[The Gold Trail by Harold Bindloss]@TWC D-Link book
The Gold Trail

CHAPTER XXIV
3/15

She also admitted that she could have gone considerably further in the case of the man on whose account she had been somewhat anxiously turning over _The Colonist_, which she had done regularly during the last few weeks, without, she fancied, her father, who purchased a good many provincial papers, becoming aware of it.
There was, however, once more nothing whatever in it about the adventures of any prospectors, though the paper in question now and then detailed such things at length; and she laid it down with a little sigh of weariness, for two men, in one of whom she was interested, had gone up into the wilderness some time earlier, and nothing apparently had been heard of them since.

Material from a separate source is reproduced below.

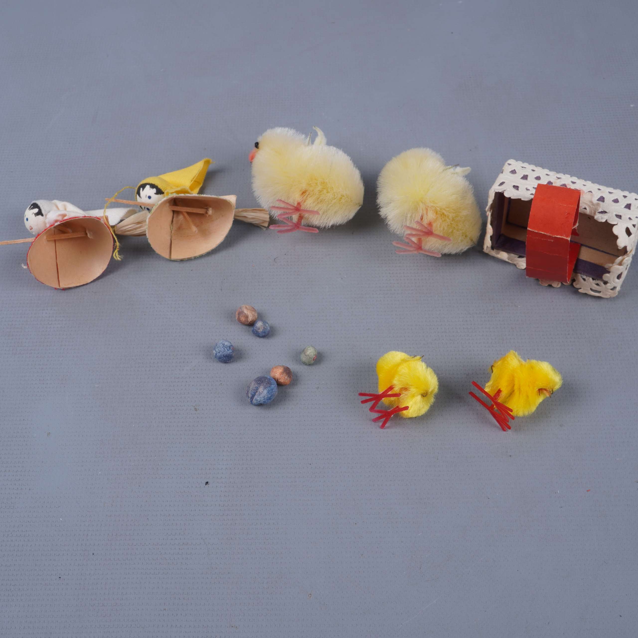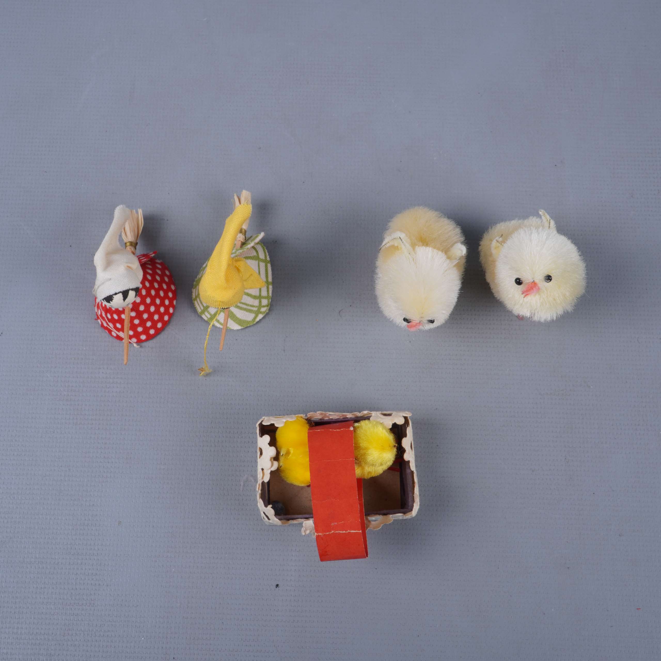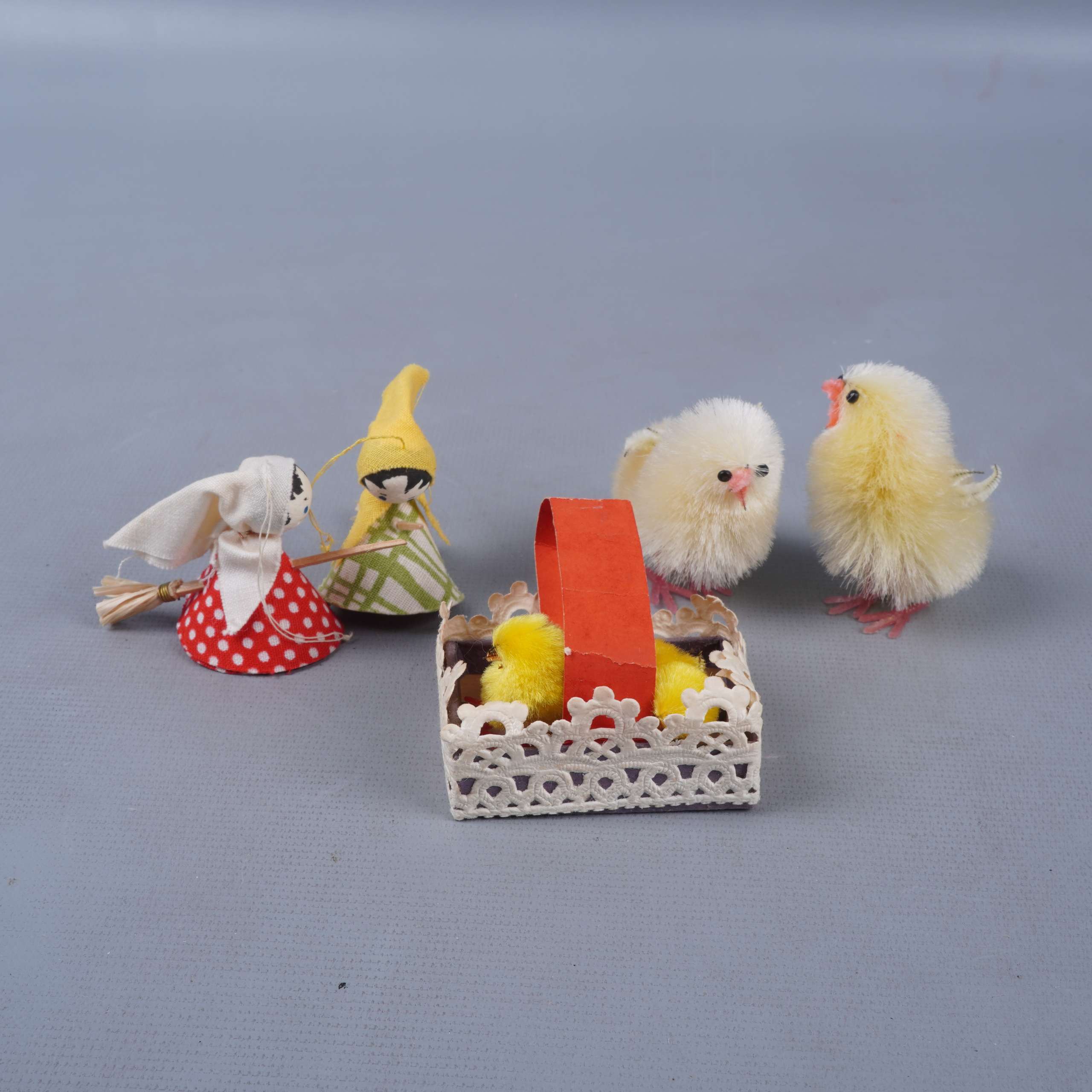 Charmig påskdekoration med små mjuka kycklingar, färgglada hantverksfigurer och en liten brun och röd korg med spetskant. Roliga detaljer och klassisk påskkänsla för ett lekfullt inslag i hemmets dekorationer.

Gregory Kinnaird had, it seemed, won credit as well as blame, serving the Empire under arms in steamy Africa; but it was, she felt, a sterner and longer fight the men who were up against it--and she liked the expressive phrase--made with savage nature in the west.
After all, the rush on a rebel stockade was soon over, while it seemed to her that the march through the black pine forest, half-fed, with provisions running out, the sleeping in dripping fern or slushy snow, and the staggering along the rangeside under a crushing load for days together, with galled feet and shoulders that bled beneath the pack-straps, was a much more difficult matter.

Weston, her camp attendant, had done all these things, and, as very frequently happened, had so far gained nothing by them.

She was glad that he had done them, for the pride of a colonizing people was strong in her, but, after all, that was not why she loved him.

Indeed, it was rather hard to find a reason for the latter fact.